_Required work_
The part below that opens with the line containing "Dessous de verre" and closes with the line containing "Det är tillverkat" should be copied exactly, minus any pictures.

_Extracted material_
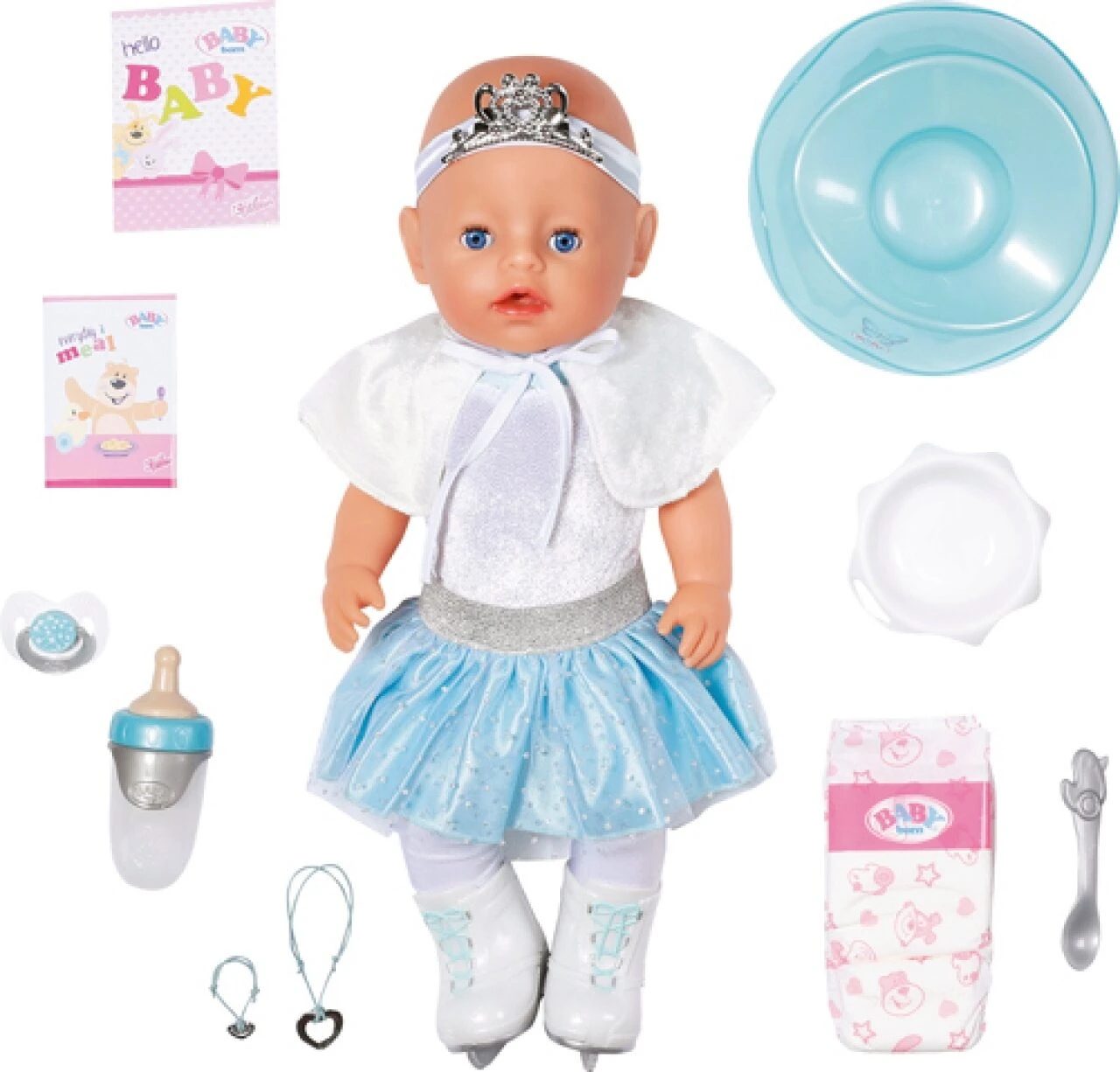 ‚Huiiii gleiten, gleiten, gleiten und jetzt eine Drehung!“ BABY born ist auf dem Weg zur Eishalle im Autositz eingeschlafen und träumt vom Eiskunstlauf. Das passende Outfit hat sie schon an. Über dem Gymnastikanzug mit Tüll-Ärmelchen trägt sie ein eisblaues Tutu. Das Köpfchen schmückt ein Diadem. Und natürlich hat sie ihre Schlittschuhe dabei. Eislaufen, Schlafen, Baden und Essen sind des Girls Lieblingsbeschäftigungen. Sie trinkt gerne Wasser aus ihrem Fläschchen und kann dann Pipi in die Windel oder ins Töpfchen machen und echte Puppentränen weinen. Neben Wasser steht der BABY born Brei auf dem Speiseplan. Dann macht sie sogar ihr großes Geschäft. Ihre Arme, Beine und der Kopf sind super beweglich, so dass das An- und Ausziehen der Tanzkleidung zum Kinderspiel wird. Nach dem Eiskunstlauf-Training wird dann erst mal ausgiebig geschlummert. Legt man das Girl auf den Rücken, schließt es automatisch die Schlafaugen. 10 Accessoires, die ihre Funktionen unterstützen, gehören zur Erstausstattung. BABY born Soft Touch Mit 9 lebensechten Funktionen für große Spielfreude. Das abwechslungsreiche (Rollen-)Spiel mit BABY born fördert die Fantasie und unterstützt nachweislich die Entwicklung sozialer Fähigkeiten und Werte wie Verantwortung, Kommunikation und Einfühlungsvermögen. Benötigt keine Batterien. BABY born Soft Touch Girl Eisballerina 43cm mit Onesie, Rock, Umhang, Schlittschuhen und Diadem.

* * *

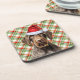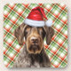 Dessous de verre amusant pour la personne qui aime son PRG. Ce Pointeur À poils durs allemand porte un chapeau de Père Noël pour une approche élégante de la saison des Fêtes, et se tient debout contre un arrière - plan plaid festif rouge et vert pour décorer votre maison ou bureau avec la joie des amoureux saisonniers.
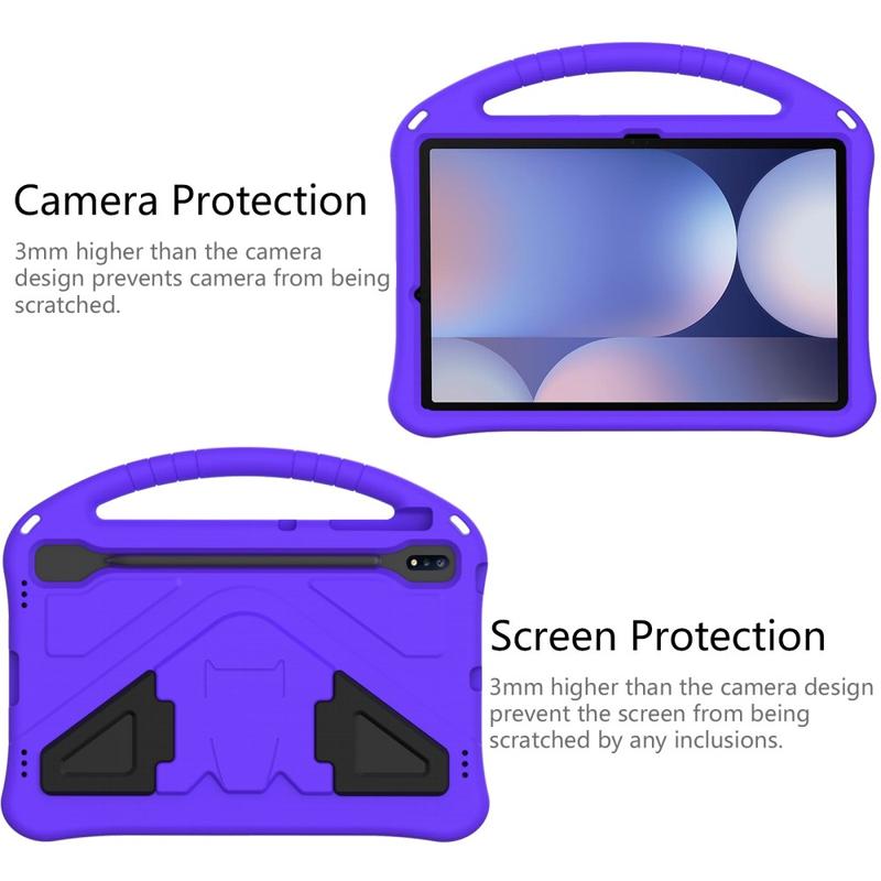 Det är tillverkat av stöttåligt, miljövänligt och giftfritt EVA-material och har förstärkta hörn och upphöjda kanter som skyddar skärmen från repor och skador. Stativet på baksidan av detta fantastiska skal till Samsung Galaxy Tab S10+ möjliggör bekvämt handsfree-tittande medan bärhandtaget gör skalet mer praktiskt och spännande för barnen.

_Response_
 Dessous de verre amusant pour la personne qui aime son PRG. Ce Pointeur À poils durs allemand porte un chapeau de Père Noël pour une approche élégante de la saison des Fêtes, et se tient debout contre un arrière - plan plaid festif rouge et vert pour décorer votre maison ou bureau avec la joie des amoureux saisonniers.
 Det är tillverkat av stöttåligt, miljövänligt och giftfritt EVA-material och har förstärkta hörn och upphöjda kanter som skyddar skärmen från repor och skador. Stativet på baksidan av detta fantastiska skal till Samsung Galaxy Tab S10+ möjliggör bekvämt handsfree-tittande medan bärhandtaget gör skalet mer praktiskt och spännande för barnen.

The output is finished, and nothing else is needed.